Dijital ekranlarda fazla zaman geçiren bireylerin göz problemleri yaşadığını belirten Göz Sağlığı ve Hastalıkları Uzmanı Prof. Dr. Ahmet Akman “Gözlüksüz yaşam her yaşta mümkündür ve güvenli olarak sağlanabilmektedir. Ülkemiz bu konuda hem hekim tecrübesi hem de cihaz alt yapısında dünyanın sayılı ülkelerinden birisidir” dedi.
Göz bozuklukları görüntünün retinaya odaklanamadığı durumlar olup iki gruba ayrılıyor. Birinci grupta uzak görmeyi bozan ve çocuklukta başlayarak her yaşta görülen miyopi, hipermetropi ve astigmat yer alırken ve ikinci grupta ise kırklı yaşlarda her bireyde ortaya çıkan yakın görmeyi bozarak okumamızı engelleyen presbiyopi bulunuyor.
Uzak görmeyi bozan hastalıklar gençlerde daha çok görülüyor
Miyopi, hipermetropi ve astigmat, genç yaşlarda uzak görmeyi bozan bozukluklar olarak öne çıkıyor.

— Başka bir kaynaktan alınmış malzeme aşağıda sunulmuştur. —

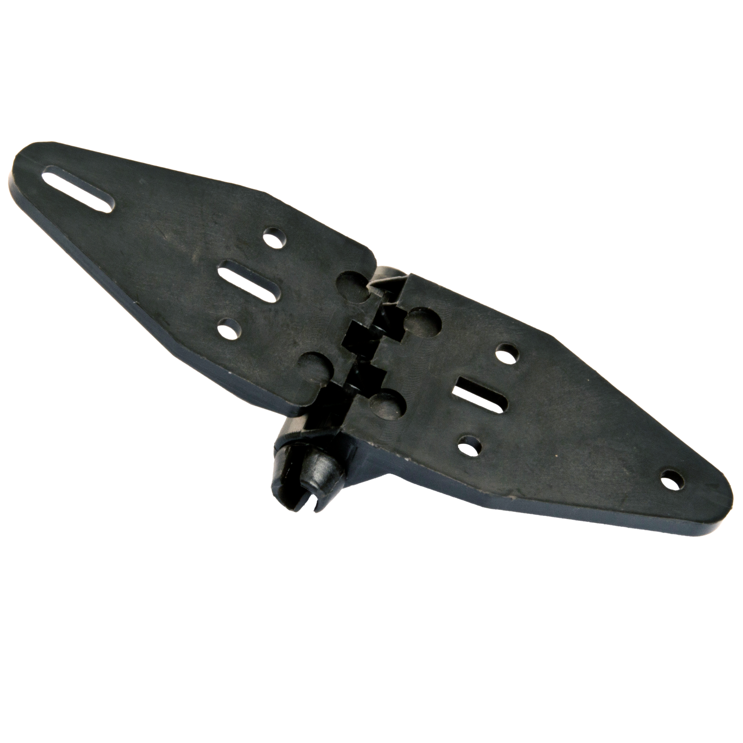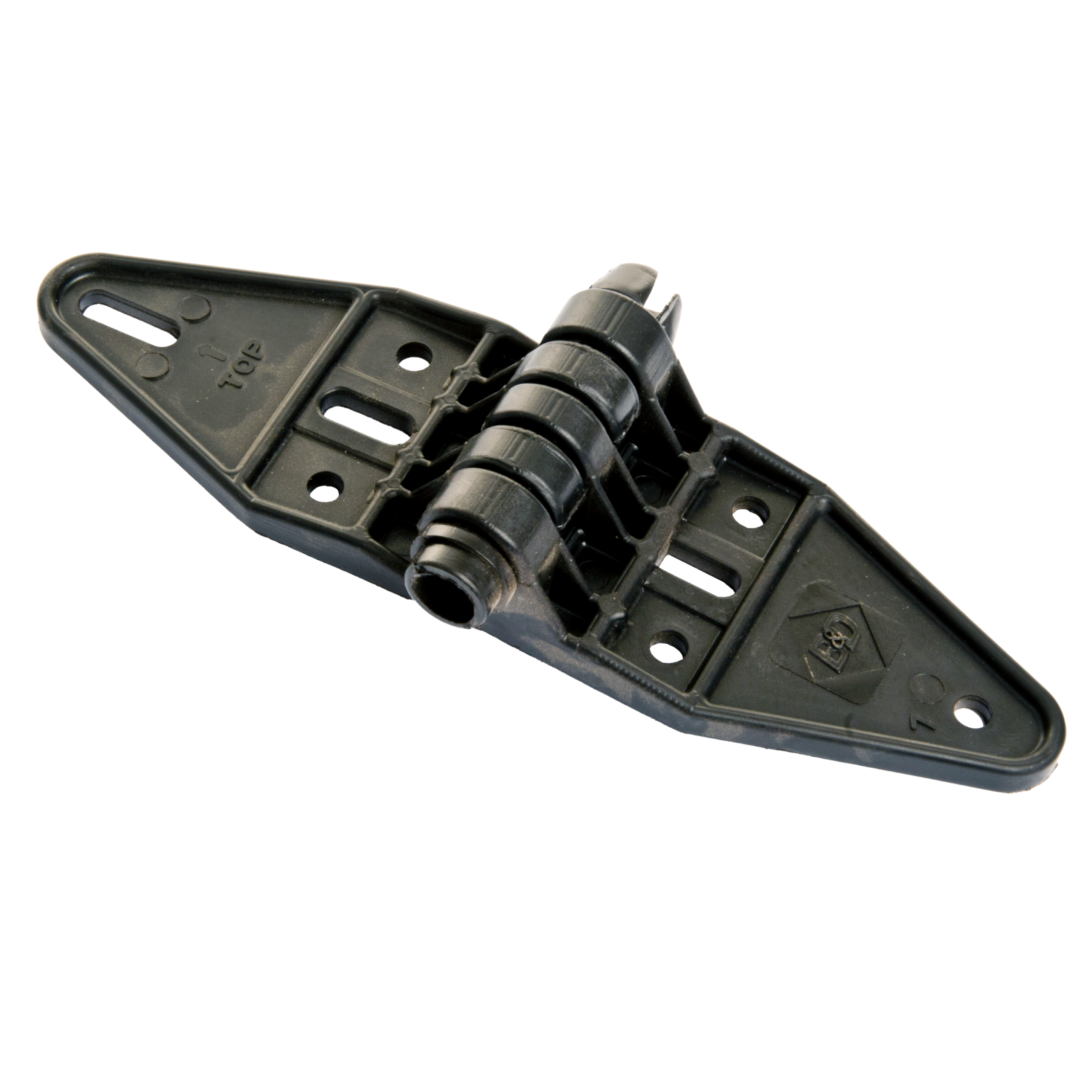 This genuine B&D plastic hinge #1 (OT6558) is designed for sectional garage doors and is used to connect the bottom panel to the second panel of the door. Manufactured from durable engineered plastic, this lightweight and corrosion resistant hinge provides reliable articulation between door panels as the door travels along the curved sections of the track.

Gözlük ve kontakt lens ile düzeltilmeleri mümkün olan bu bozukluklara karşı, bu yöntemleri kullanmak istemeyen kişiler de ise lazer tedavisi yöntemi kullanılıyor. Lazer tedavilerinde gözün dış merceği olan kornea tabakası tedavi edilerek gözlüksüz net görme sağlanıyor. Halk arasında göz çizme olarak da bilinen bu yöntem, gözlük numarasinin lazerle gözün ön tabakasına dövme yapar gibi işlenmesi esasına dayaniyor.
Son yıllarda lazer tedavisi teknolojisinin çok fazla gelişmesi ile birlikte bıçaksız LASİK, no-touch, Smile, iLasik ve benzeri birçok farklı lazer yöntemi gelişmiştir. Lazer yöntemi ile gerçekleştirilen ameliyatların genelde pahalı ve yeni teknoloji cihazlara ihtiyaç duyduğunu belirten Prof. Dr. Ahmet Akman “Ülkemiz bu yöntemler konusunda hem hekim tecrübesi hem de cihaz parkı açısından üst seviyededir. Çoğu Avrupa ülkesinde bulunmayan ya da bulunsa da maliyetleri nedeniyle hastaların ulaşamadığı cihazlarla modern tedavilere, ülkemizde ulaşmak çok daha kolay ve ucuzdur. Bu sebeple birçok ülkeden hasta, bu tedaviler için ülkemize gelmektedir” dedi.